Nevertheless, graduates from across TC’s disciplines often go on to make contributions to their fields internationally — as economists, health policy officials, instructional designers, mental health experts and more. To be globally minded is embedded within the College itself. 

“For graduate students, in particular, global education offers a framework for pursuing research and practice that is both contextually grounded and internationally informed,” says Williams, herself a doctoral graduate of TC’s International Educational Development program. “Their work often sits at the intersection of disciplines and geographies, requiring both analytical rigor and cultural fluency.”

Paris Study Abroad 1

Students traveled to Paris in March to learn how global education agendas are set, coordinated, and challenged in today’s shifting international landscape under the expertise of Gita Steiner-Khamsi, William Heard Kilpatrick Professor of Comparative Education, and Jessica Riccio (Ed.D. ’08, M.Ed. ’02, M.A. ’99), Associate Professor of Teaching (both pictured center). The program is just one of the College’s growing number of TC faculty-led study abroad offerings. 

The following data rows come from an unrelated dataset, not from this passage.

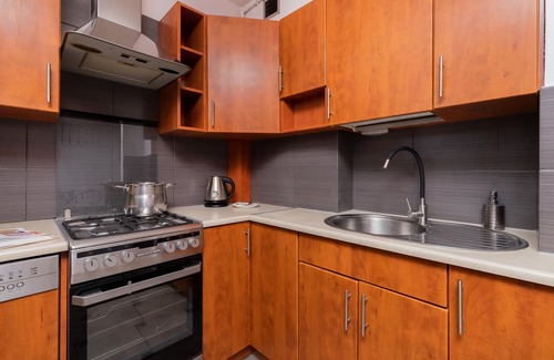 This fully equipped two-bedroom apartment can accommodate 6 people. It consists of a kitchen, 2 bedrooms, a living room and a bathroom with a bathtub. The apartment has been designed to provide not only comfort and functionality, but also aesthetic values. Consistent and stylish design goes hand in hand with modern amenities, creating a friendly and contemporary character of the place. The comfort of your stay is ensured by free WiFi, a flat-screen TV and well-equipped kitchen and bathroom. The kitchen has all the equipment for self-cooking, such as a gas stove, oven, microwave and kettle. Additional facilities include a coffee machine and a dishwasher. Our guests can enjoy beautiful views from the balcony. Free toiletries, towels and bed linen are provided for an easy start to each stay.
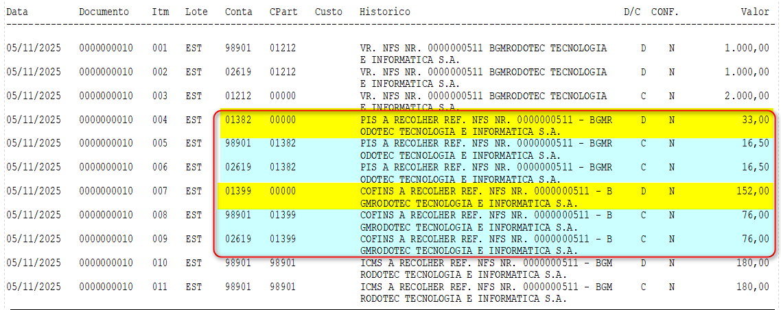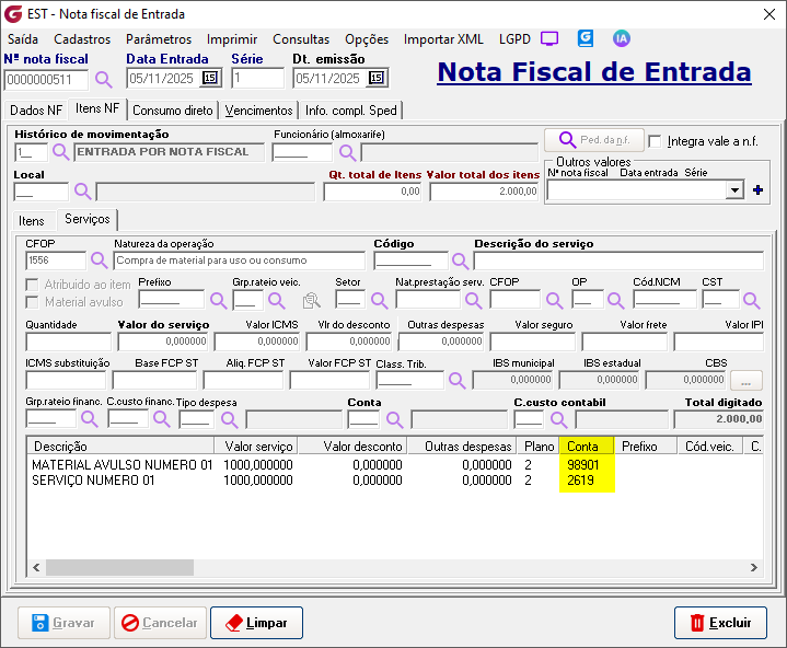 Parâmetros>Estoque>Integração Os valores de PIS e COFINS de materiais avulsos e serviços são integrados como conta débito nas respectivas contas informadas no parâmetro do estoque. ![]() Diários> Entradas> Por nota fiscal Os valores de PIS e COFINS de materiais avulsos e serviços são integrados como conta crédito nas contas informadas no lançamento da nota fiscal.
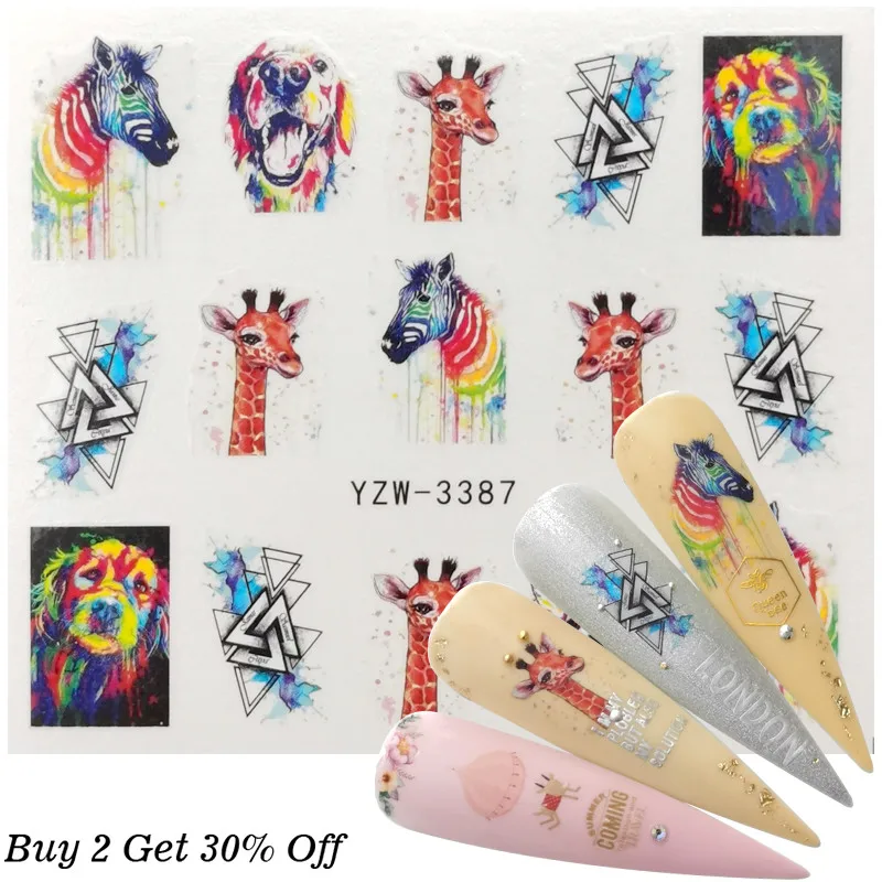 Переводные наклейки для ногтей с животными, геометрическими узорами...
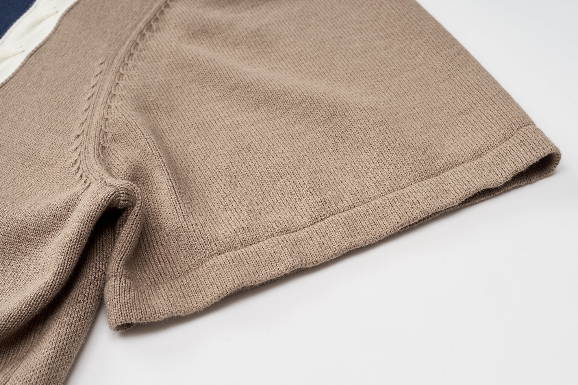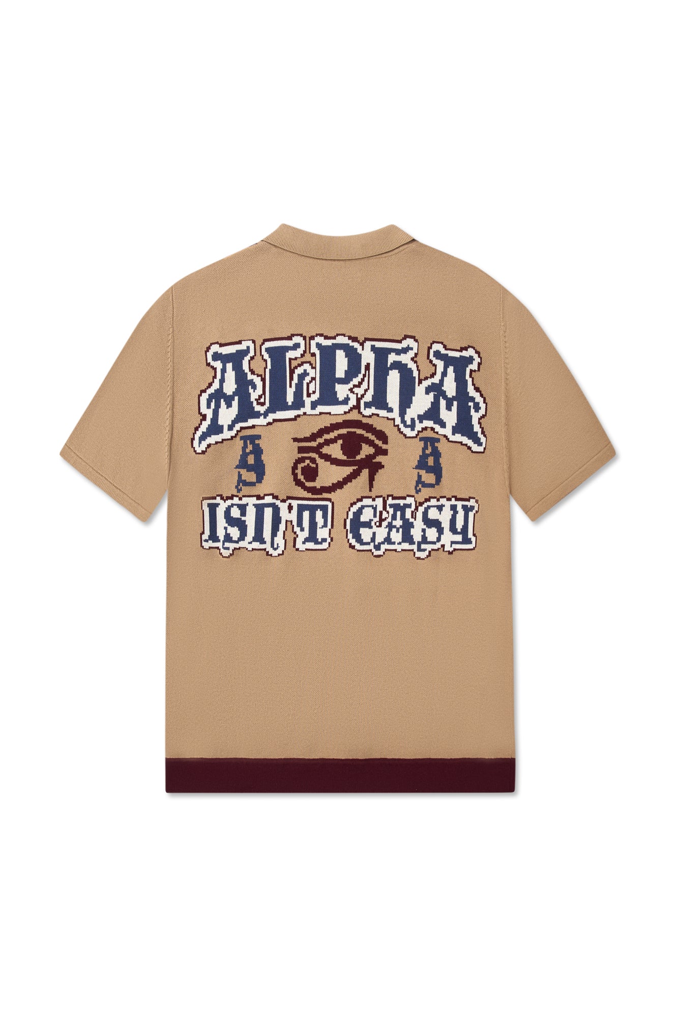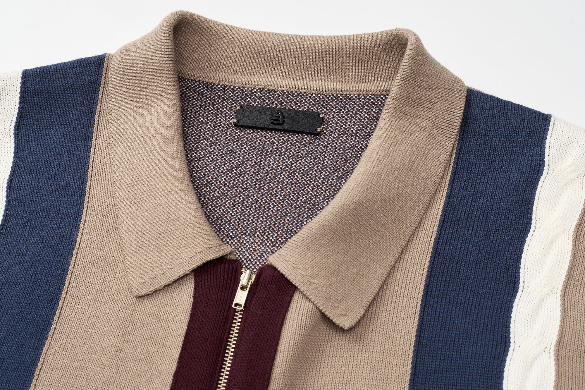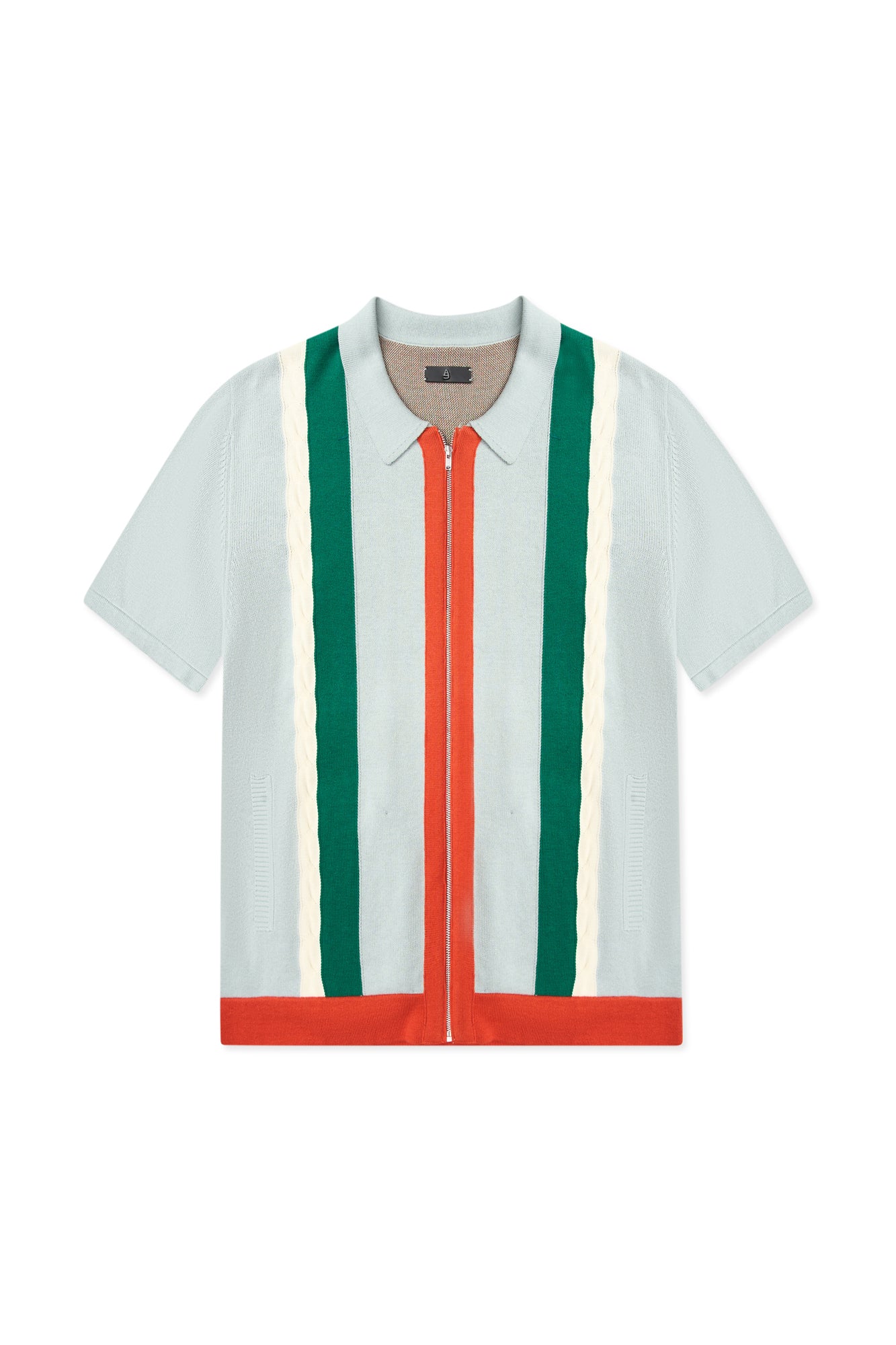 This cotton knit shirt blends retro inspiration with modern detailing. Crafted from breathable cotton knitwear, it features short sleeves and a clean zip-front opening for versatile styling. The design stands out with contrasting colors at the front placket, waistband, cable accents, and vertical front stripes, creating a bold yet balanced look. Ribbed insert pockets on both sides add functional appeal while maintaining a streamlined silhouette. Finished with a distinctive jacquard graphic pattern on the back, this piece delivers texture, comfort, and statement design in one elevated knit essential.
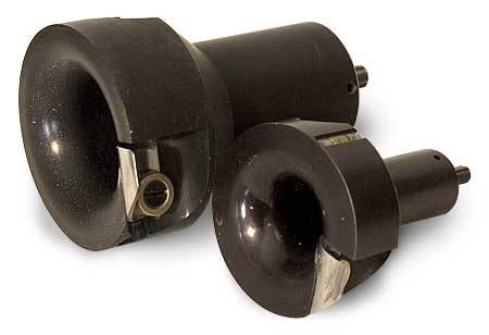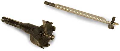 These are the two tenon cutters I used. One makes a 2" tenon; the other makes a 1" tenon. They are a Veritas product from Lee Valley tools. They install in a 1/2" drill. When applied to the end of a log the stainless blade cuts off spirals of wood until you have a tenon of the appropriate size and length.
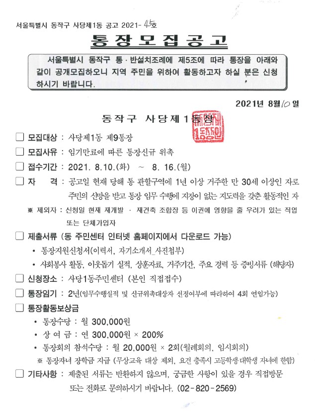 통장모집 재공고(9통)
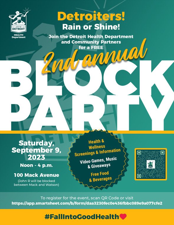 «Estamos invitando a todos los habitantes de Detroit a divertirse y unirse a nosotros en la fiesta de barrio más grande y saludable de Detroit», dijo Denise Fair Razo, directora de salud pública. “Queremos aprovechar esta oportunidad para invitar a todos a familiarizarse con todos los servicios que ofrece el Departamento de Salud de Detroit para promover una vida saludable.
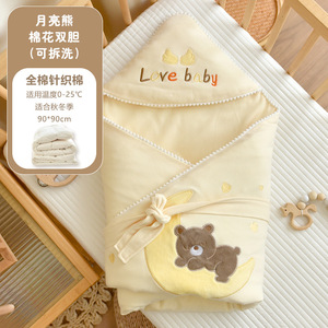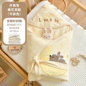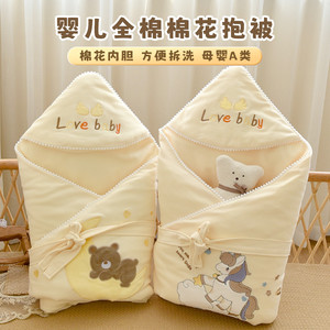 新生婴儿纯棉a类抱被初生宝宝产房棉花包被防惊跳四季通用襁褓巾
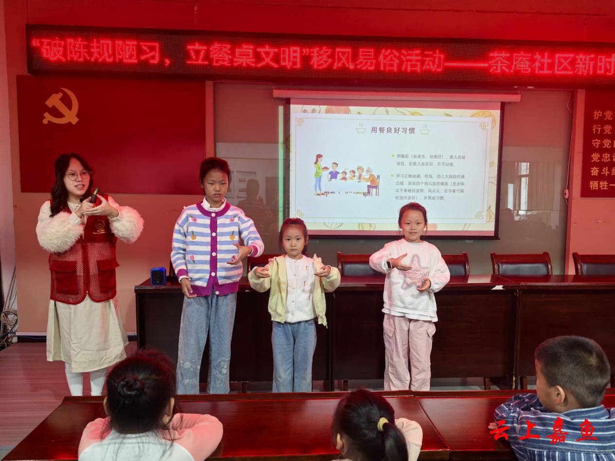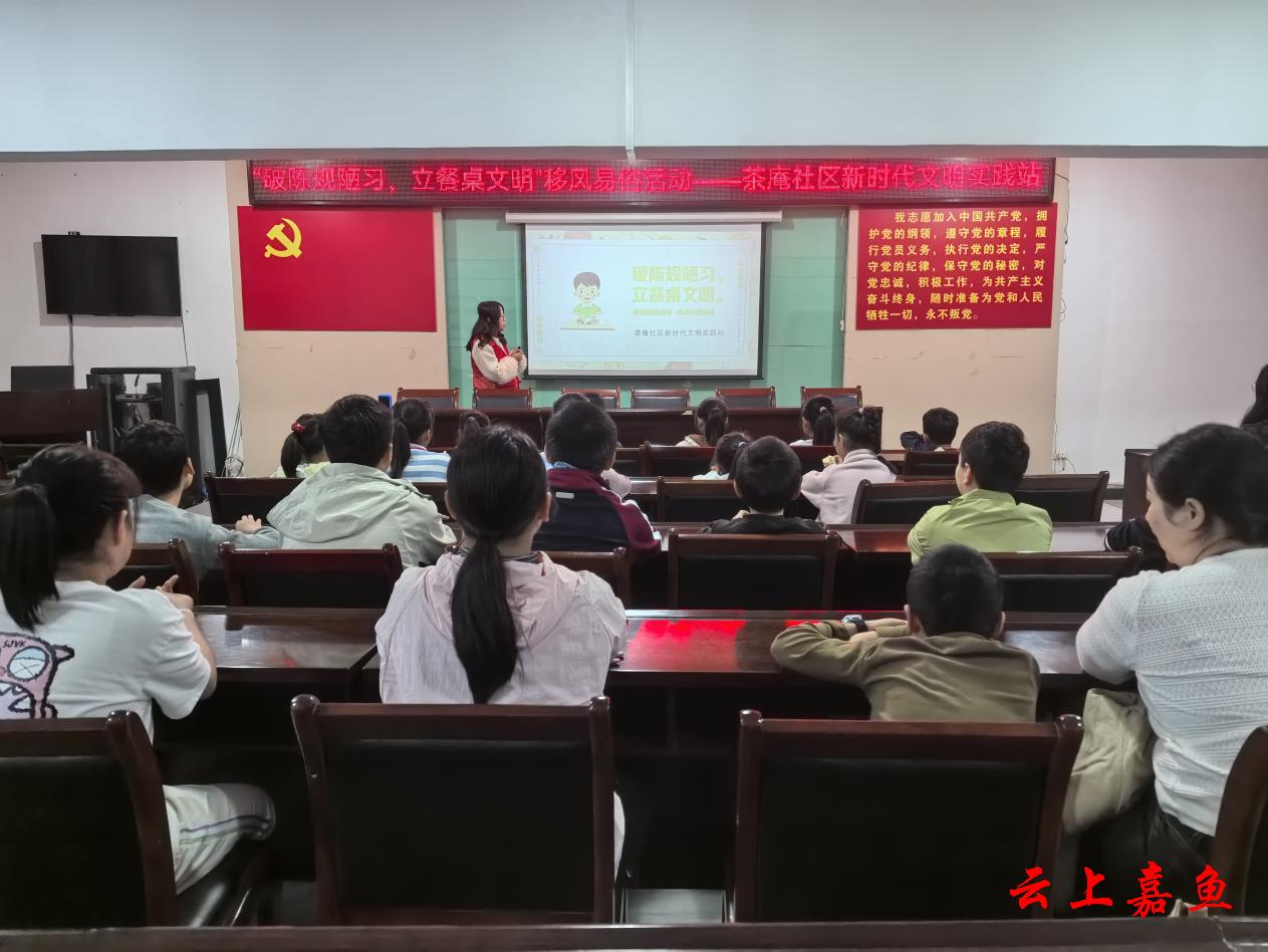 云上嘉鱼报道(通讯员游梦琴)10月18日,鱼岳镇茶庵社区新时代文明实践站联合茶庵社区团委开展“破陈规陋习,立餐桌文明”移风易俗活动,通过趣味互动、实操教学等形式,引导青少年从小树立餐桌文明意识,养成良好生活习惯,让文明新风尚在社区落地生根。
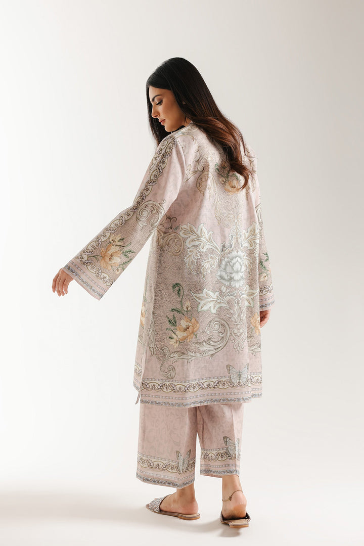 Indulge in sophisticated femininity with this gracefully printed pale coral suit. The ensemble features a shirt in a soft, blush pink hue, detailed with an exquisite all-over print. The print combines intricate baroque-style scrolls with large, subtle floral motifs in shades of gray, taupe, and pastel green. The top has a flattering V-neckline and wide, comfortable long sleeves. It is perfectly matched with tailored culotte trouser featuring a coordinating subtle border print on the hem. This suit creates a subtle, elegant look ideal for formal daytime events or a sophisticated evening out.
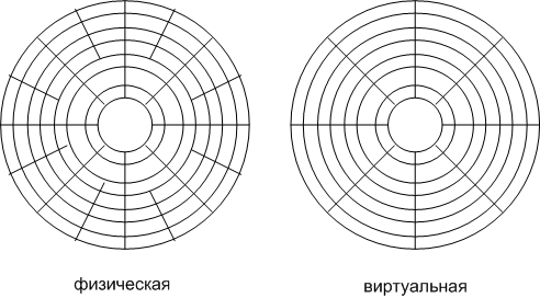 Физическая и виртуальная геометрия диска На внешних дорожках число секторов делают больше, а на внутренних меньше. На реальных дисках таких зон может быть несколько десятков.
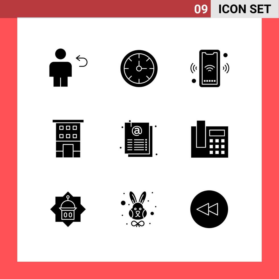 User Interface Pack of 9 Basic Solid Glyphs of shop front buildings time building connect Editable Vector Design Elements Free Vector
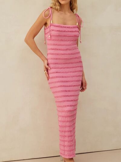 Frill Tie-Shoulder Maxi Dress
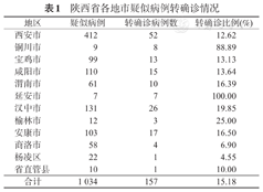 陕西省COVID-19的疑似病例目前已全部清零。疑似病例在报告后会有不同的转归,一部分确诊为COVID-19病例,一部分经过诊断后排除。截至2月22日24:00,导出大疫情系统的所有病例信息,对疑似病例转归进行分析,结果显示有15.18%(157/1 034)的疑似病例最终转为确诊病例。但在不同地区这一比例存在较大差异。见表1。
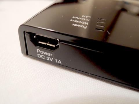 反対側には、給電用のmicroUSBコネクタがあり、ACアダプタまたは、USBケーブルでPCに接続することができます。

To support students embarking on more of these experiences, the Office of Global Engagement launched study abroad programs in 2024 with offerings from Argentina to France, China and beyond. By implementing study abroad at the graduate level, the College has expanded existing partnerships and strategically unlocked opportunities for students and professionals to deepen their own research and practice while providing meaningful services to local partners. TC’s study abroad programs “bring real support” to communities, explains Amine Mechaal, TC’s Executive Director of Global Engagement. “Our partnerships are mutually beneficial, two-way streets.” 

As TC continues its work around the world, Dewey’s famous bust in Zankel Hall will soon turn a century old. But the legend’s presence is most striking elsewhere. Hansen has experienced Dewey’s impact most profoundly in schools across the world, where he’s seen teachers embody Dewey’s most beloved principle: to embrace life as art to foster learning for its own sake.

“Dewey’s vision of learning remains very powerful. I think he’s absolutely right that if we’re doing everything we can to make learning artful, and we’re really immersed in the moment, then the future is taken care of,” says Hansen. “Dewey’s legacy is, in a wonderful, messy way, behind a lot of the good work that’s going on in schools everywhere.”